15 Mar 2020

The Story Behind the Brand: The Latte Lounge

Katie Taylor, Founder of Latte Lounge
The Story Behind the Brand: The Latte Lounge

The night of my diagnosis I came home and cried with relief on my bed that I wasn’t going mad and there was an explanation for everything I’d been feeling but I felt really, really angry at that time that my doctors had misdiagnosed me and I had wasted four years of precious life not really living.

I was 43, when I began to struggle with low mood. My usual bubbly, outgoing, capable persona was slowly replaced with low energy, brain fog and anxiety.

As a mum of four kids I just put it down to juggling my family, home and job.

But hit with insomnia, I spent the next four years trying to function on just three hours sleep a night. My unrelenting symptoms forced me to give up three jobs in that time too.

I didn't get the typical hot flushes and night sweats, but i did have heart palpitations and my periods had become shorter, and heavier and I put on a lot of weight.

My GP said I was probably stressed and depressed, as I was working full-time and had a very busy family life and so that was when it was suggested I took some time off, hence why I initially quit my first job.

I was given antidepressants but they didn't make things any better, they just made me feel numb. I just felt like I could no longer get any joy out of life.

I tried going to the gym a bit more and eating more healthily, but nothing helped.

I was sent to a heart specialist for my palpitations, which ruled out a heart condition. I went back and forth to different doctors and specialists over the years about all the various symptoms I was suffering from, but I was just made to feel like a hypochondriac.

It was my father, Professor Michael Baum, a surgical oncologist who specialises in breast cancer, who suspected all my symptoms were hormone-related, and arranged for me to see one of his consultant friends.

She did a blood test and said my oestrogen levels were "on the floor" and that all my symptoms were due to perimenopause and suggested I went on HRT immediately.

It was the first time I'd heard the word perimenopause.

Within a couple of months, I'd weaned myself off the antidepressants and suddenly realised that I was starting to feel like my old self again.

I remember watching a comedy show on TV and realising it was the first time I’d laughed in four years.

My husband commented that he felt like he had got his wife back, and my kids their mum.

The night of my diagnosis I came home and cried with relief on my bed that I wasn’t going mad and there was an explanation for everything I’d been feeling but I felt really, really angry at that time that my doctors had misdiagnosed me and I had wasted four years of precious life not really living.

I decided there and then to start a Facebook group and a website lattelounge.co aimed at women over 40, so that I could share my experience with others and help all those who may also have been in the dark about their own symptoms. 

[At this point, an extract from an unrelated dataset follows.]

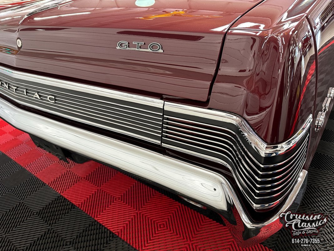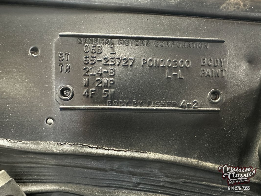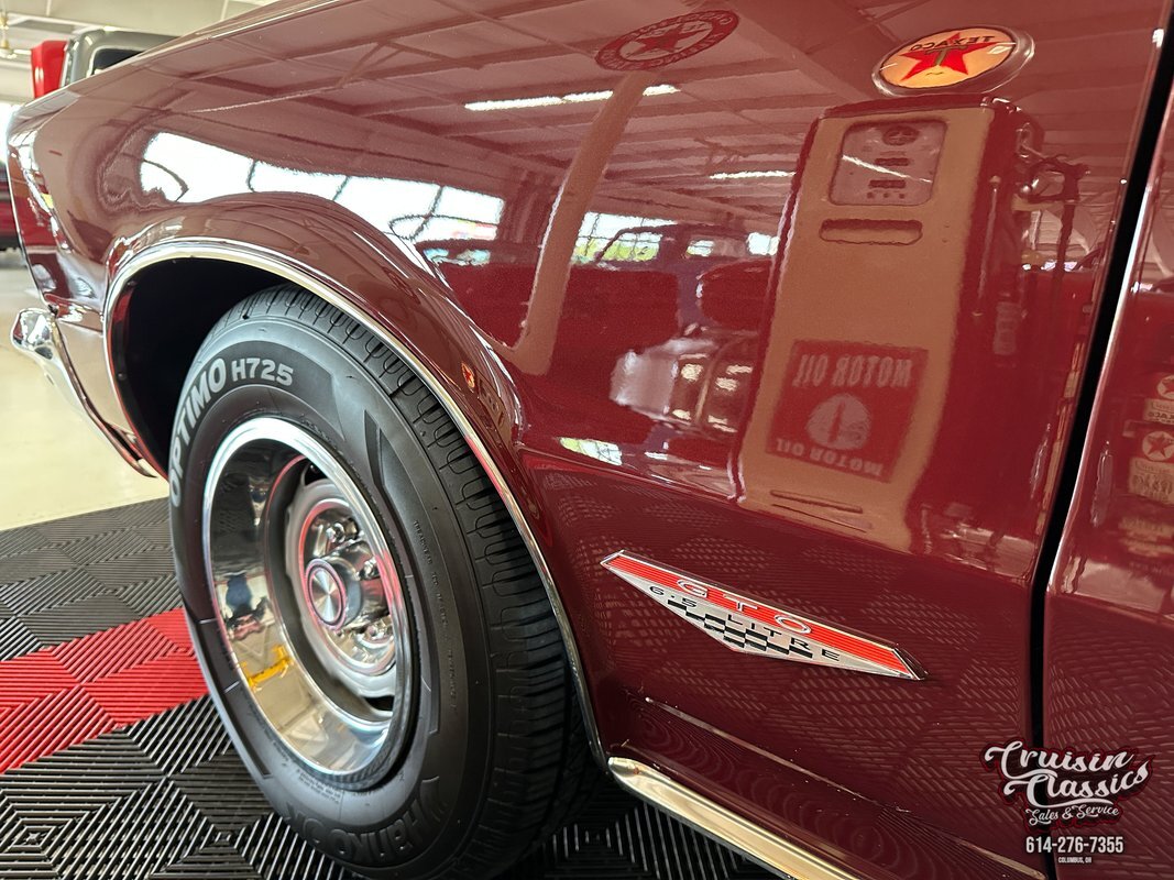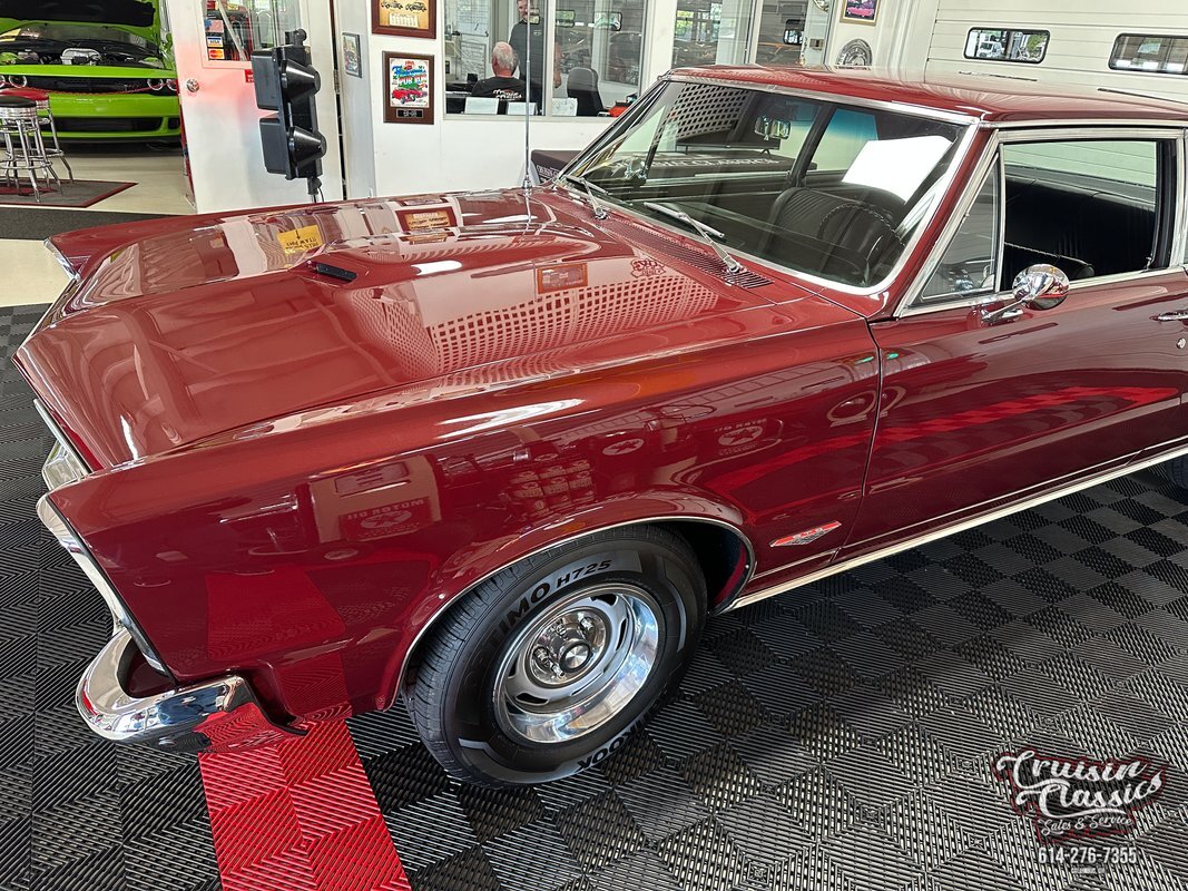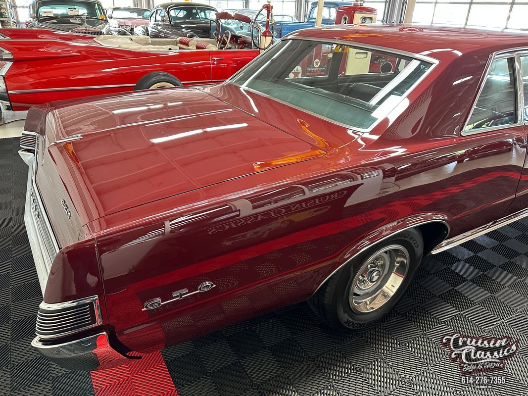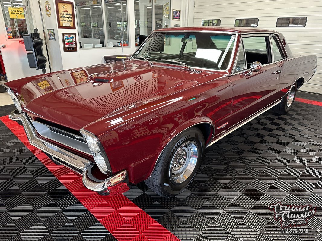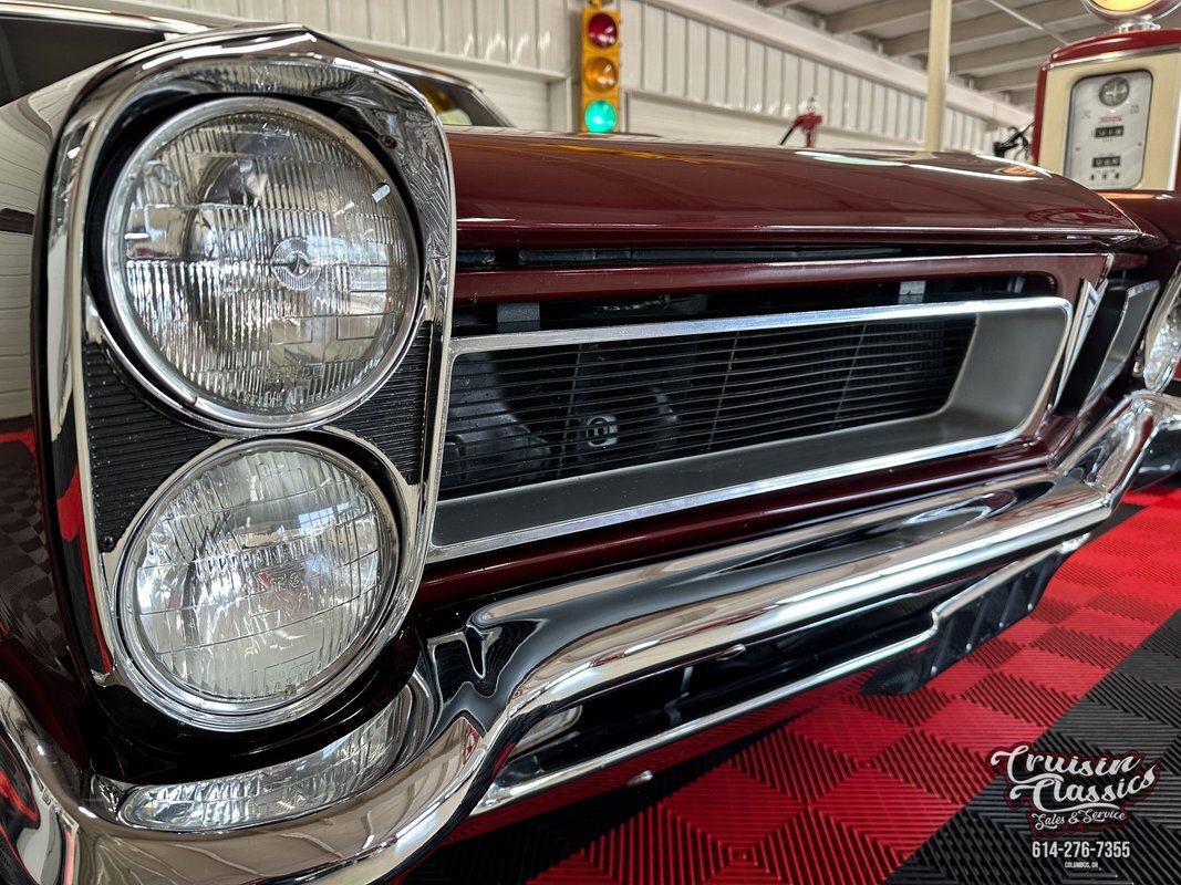 Cruisin Classics is proud to present this absolutely spectacular 1965 Pontiac LeMans “GTO Tribute”. This car started its life as a Teal Turquoise LeMans with a 326 V-8, 2 barrel carburetor, and automatic transmission, but it's a whole lot more than that now! This beauty is now dressed in a deep, glossy Burgundy Mist (PPG#50700, 1965 Pontiac color) paint job that looks fantastic at any distance. The front end is simply iconic – with vertically stacked quad headlights, a split grill with Pontiac logo at the center, and faux air vents on the hood – it looks fast sitting still. The front bumper is in excellent condition and gleams in the light, as do the headlight bezels. Great looks continue down the long laser-straight sides of the car with dual chrome side mirrors, wheel lip molding, drip rail molding, chrome rocker covers, bright window molding, and like-new GTO badges on the fenders and rear 1/4's. Around back you'll find wrap-around rear tail lights that blend into a black and chrome rear trim piece above the shining rear bumper with integrated reverse lights. The gas cap is hidden behind the rear license plate holder. This Pontiac has a great stance as it sits atop grey steel 6-slot Rally wheels with center caps and beauty rings wrapped in Hankook Optimo H725 tires. A lot has changed under the hood since this car rolled off the assembly line. The incredibly clean engine bay is now home to a freshly painted 1970 Pontiac 400ci V-8 (code XH – 350hp) topped with a correct 1965 intake and 1965 tri-power carburetors. Chrome valve covers and air cleaners add some contrast to the blue block. Exhaust flows through 1965 cast manifolds through Flowmaster 40 series mufflers to create an awesome sound. The 400 is mated to a 1968 Muncie 4-speed with a 1965 Hurst shifter that puts the power down via a 10 bolt rear with 3:08 Posi gears. Also under the hood you'll find a power steering unit, a dual resevoir for the manual brakes (disc/drum), a correct GM washer fluid bottle (not hooked up), and newer under-hood matting. When you open the drivers door the courtesy light illuminates the black OEM correct GTO interior. The door panels are both in very good condition and feature arm-rests, crank windows, carpeted bottoms, and GTO badging. The black vinyl bucket seats with Pontiac logos are very comfortable and show no wear. The back seat looks equally as nice and is flanked by arm-rests, ashtrays, and window cranks. Above is a tight black vinyl headliner and below is new looking black hook and loop carpet topped with black vinyl Pontiac floormats in the front and rear. All of the glass is excellent with no scratches or pitting. The windshield and rear window appear new while all of the sideglass has original markings. The driver is treated to an OEM 1965 Pontiac 2-spoke steering wheel with horn ring, chrome accent bands, and a Pontiac logo in the center. The correct GTO dash features a woodgrain surround for the gauge cluster and climate controls. There is a 120mph speedometer with checkered flag logo, an 8K tachometer, and gauges for oil pressure and water temp. The heater blows hot and the fan works as it should. Below the woodgrain is a ribbed chrome section with knobs for lights and wipers, a lighter, an ashtray, and a working factory AM radio. The passenger side of the dash features a grab-handle with GTO badge and a glovebox containing the original protecto-plate and owners manual. Up above are dual visors and a rear-view mirror with day/night switch and down below is a Hurst shifter with black boot and white pattern shift ball. The drivers brake, clutch, and e-brake pedals all have chrome surrounds for a sporty look. Around back you'll find a very clean trunk with a very rare “retractable” light under the lid. It can be slid out of it's holder so you can shine it directionally where you want. Also in the trunk is a vinyl mat, a factory jack, and a full spare on a rally wheel. We also have for this car a copy of the build sheet, title history, and a framed 1965 GTO color advertisement. There are a ton of GTO tribute cars out there, but there are a rare few built to this level - it is really as close as you can come to replicating a 65 GTO. This is an excellent opportunity to buy a GTO tribute that's nicer than most GTO's for a fraction of the cost! Don't let this one pass you by!

We now have over 17,000 members on our Facebook Group and we now talk about all areas of midlife health and wellbeing, not just perimenopause and menopause.

The group tends to be full of women asking for recommendations for anything from a doctor or a dentist, to a cleaner or a hairdresser but it is a very safe, warm, friendly and non-judgmental place to be. 

I also have a medical committee who I turn to if our members email me with some problems they may need some signposting for and we have a jobs board, a business directory, an offers and discount page and a blog zone on our website, full of very useful information on all areas of midlife.

We have a charity partner, The Eve Appeal, as my long term aim is to use this platform to raise money and awareness for them so I can carry on the baton of my father in furthering our successes in the area of cancer research.

I don't blame the GPs for what happened to me, after all they only have 10 minutes to chat to a patient, and there is no mandatory GP training in menopause currently, hence why so many women are not getting the right treatment. But I’m constantly campaigning with many of my amazing menowarriors and colleagues who I’ve met through my work, to try and change all that hopefully soon.

 

SOME INFORMATION ON PERIMENOPAUSE/MENOPAUSE

The average age of menopause, when woman's oestrogen levels decline, is 51. Perimenopause, or menopause transition, may begin as early as 10 years before.

Around 13 million women in the UK are either peri- or menopausal, equal to one-third of the entire female population yet 48 per cent of GPs have had no training in the management of the menopause, which can include mood changes, joint and muscle pain, headaches and UTI’s.

Millions of women are being forced to cope with the change without help. Only 2.5 million prescriptions of HRT were issued in England in 2017, down from 6 million in 2000.

It's argued the fall is because GPs are still influenced by scare stories about the side-effects of HRT published decades ago that were overblown.

Blood tests are not very accurate in women over 45 as hormone levels go up and down all the time, even during the course of a day, so the test can't really present a true picture.

A better way is to talk to a GP or nurse about the pattern of your periods and any symptoms you are experiencing (take a symptom check list with you) and/or go to a menopause specialist (which you can find via The BMS website).